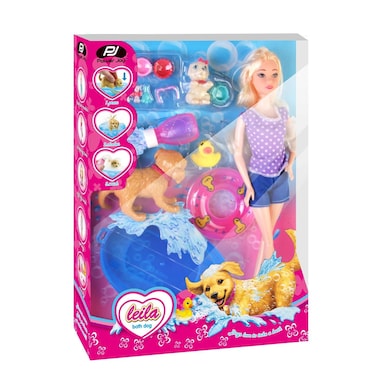 باور جوي ليلى دمية أزياء مع كلب إستحمام - متعددة الألوان
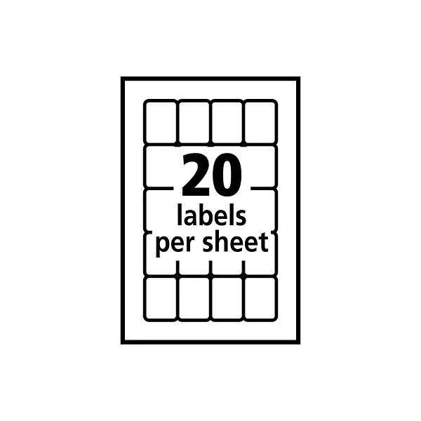- 20 labels per sheet, 50 sheets per pack; 1000 total labels
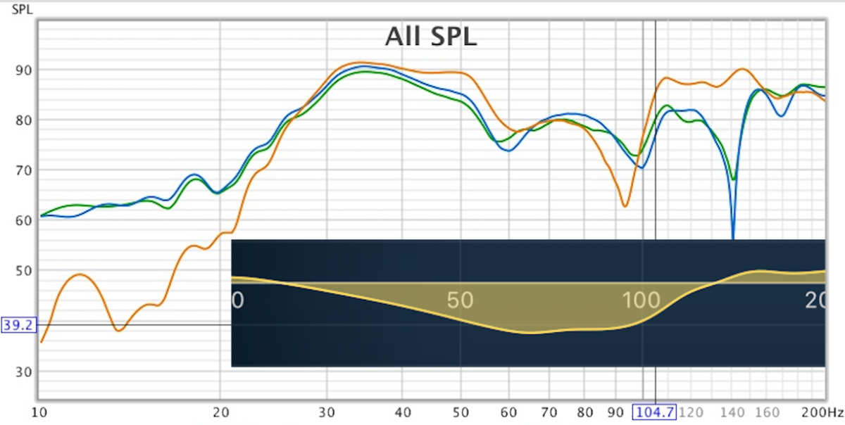 Conclusion - I do need to take care around those all important 50Hz to 100Hz frequencies - I don't know what would be the right move for trying to even out that part of the SPL response. Maybe I will give the tuned traps at 62Hz and 100Hz a go.
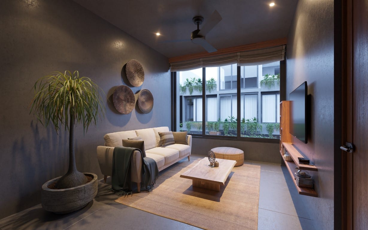 Kateen is committed to a sober and elegant design that contrasts the artisanal textures of Tulum with modern industrial finishes, utilizing high-quality materials and native wood species for a mixed natural appearance. Natural vegetation and warm lighting are integrated with concrete, brown, and black undertones to enhance a sense of calm and serenity.
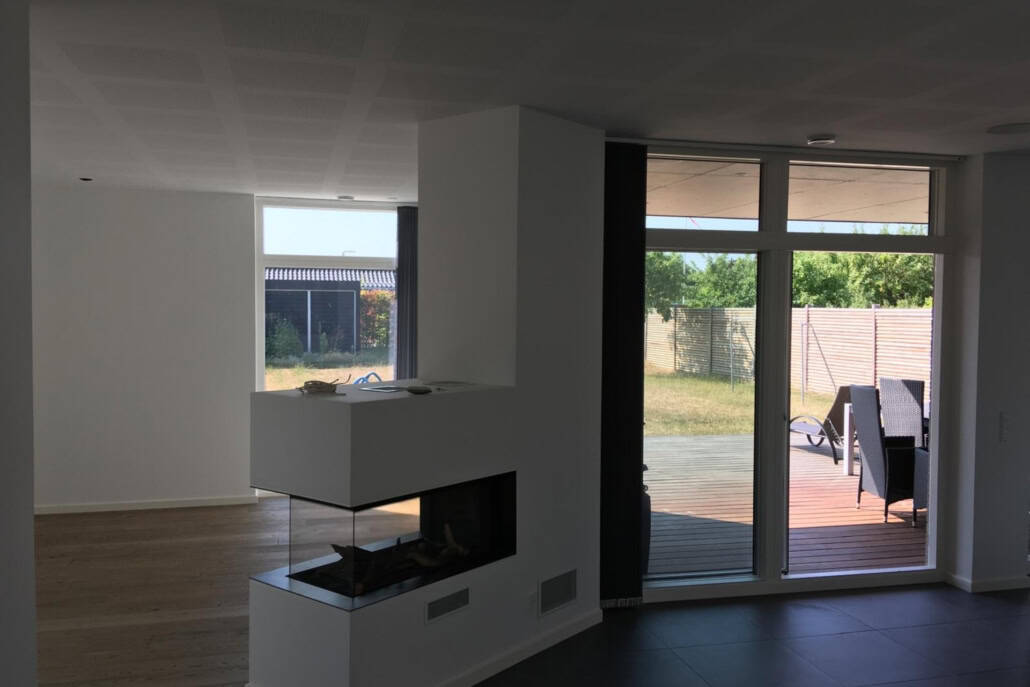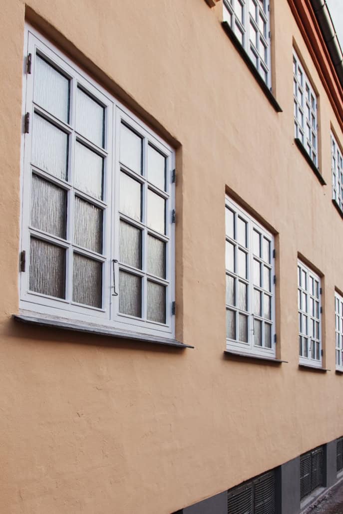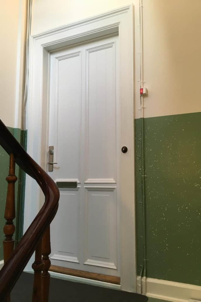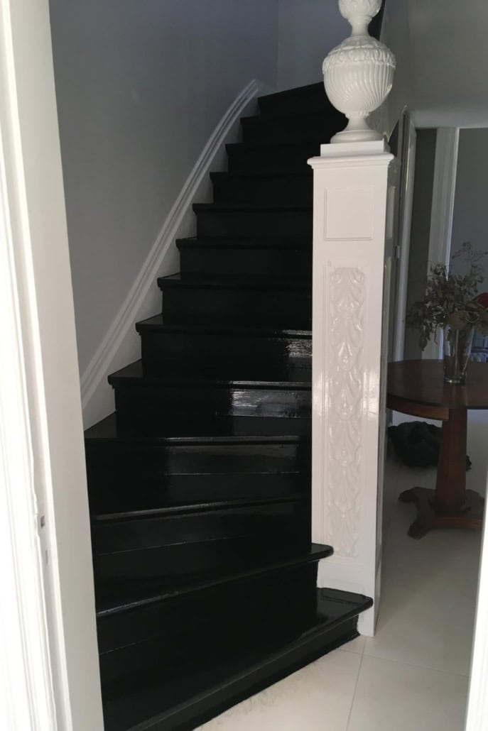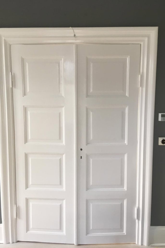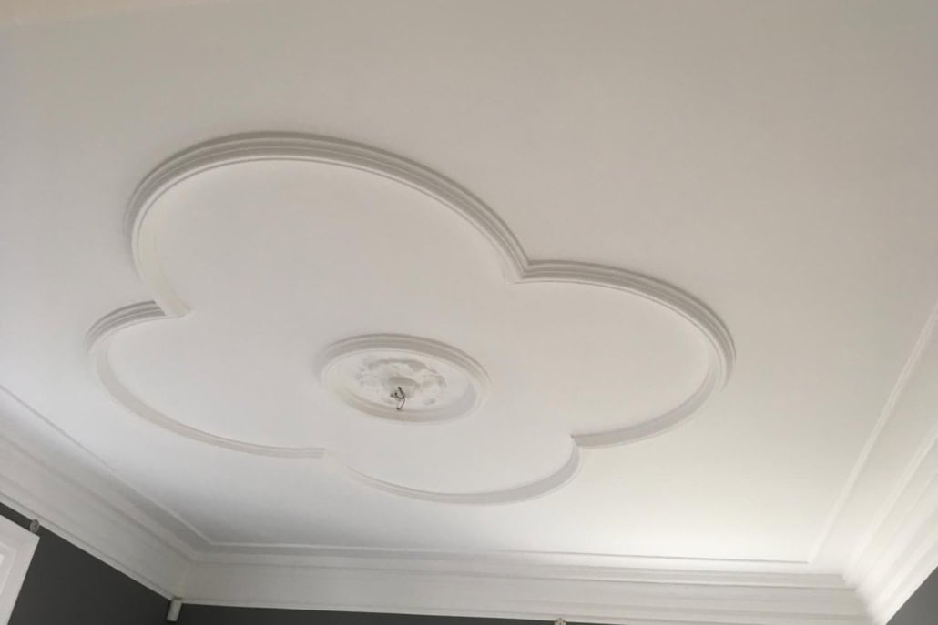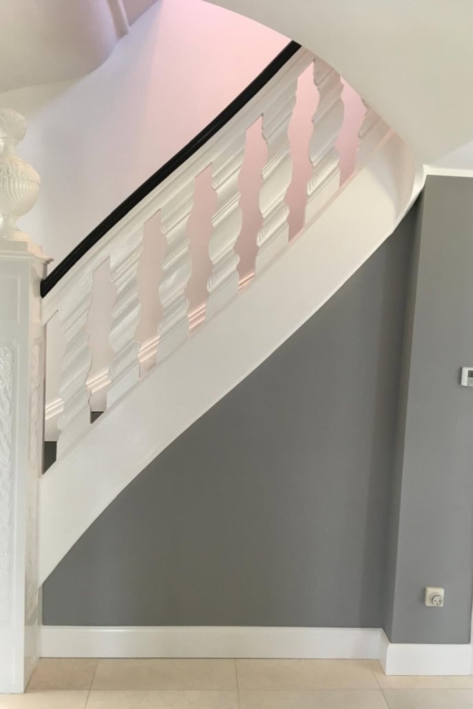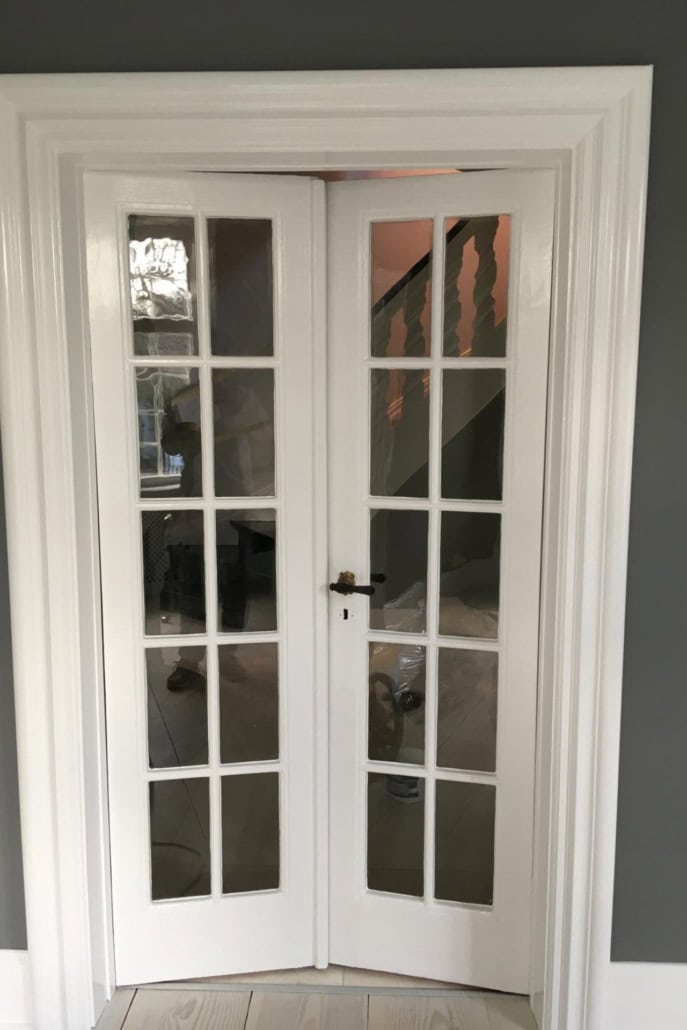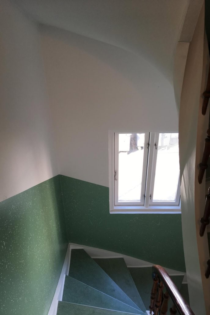 Alt træværk er malet i højglans. Derudover er der malet lofter og vægge samt stuk
****
Activity. The lines from the one with "- 20 labels" to the end of the data above should be retyped exactly, both ends included, and pictures are to be left out.

Response to this exercise.
- 20 labels per sheet, 50 sheets per pack; 1000 total labels
 Conclusion - I do need to take care around those all important 50Hz to 100Hz frequencies - I don't know what would be the right move for trying to even out that part of the SPL response. Maybe I will give the tuned traps at 62Hz and 100Hz a go.
 Kateen is committed to a sober and elegant design that contrasts the artisanal textures of Tulum with modern industrial finishes, utilizing high-quality materials and native wood species for a mixed natural appearance. Natural vegetation and warm lighting are integrated with concrete, brown, and black undertones to enhance a sense of calm and serenity.
 Alt træværk er malet i højglans. Derudover er der malet lofter og vægge samt stuk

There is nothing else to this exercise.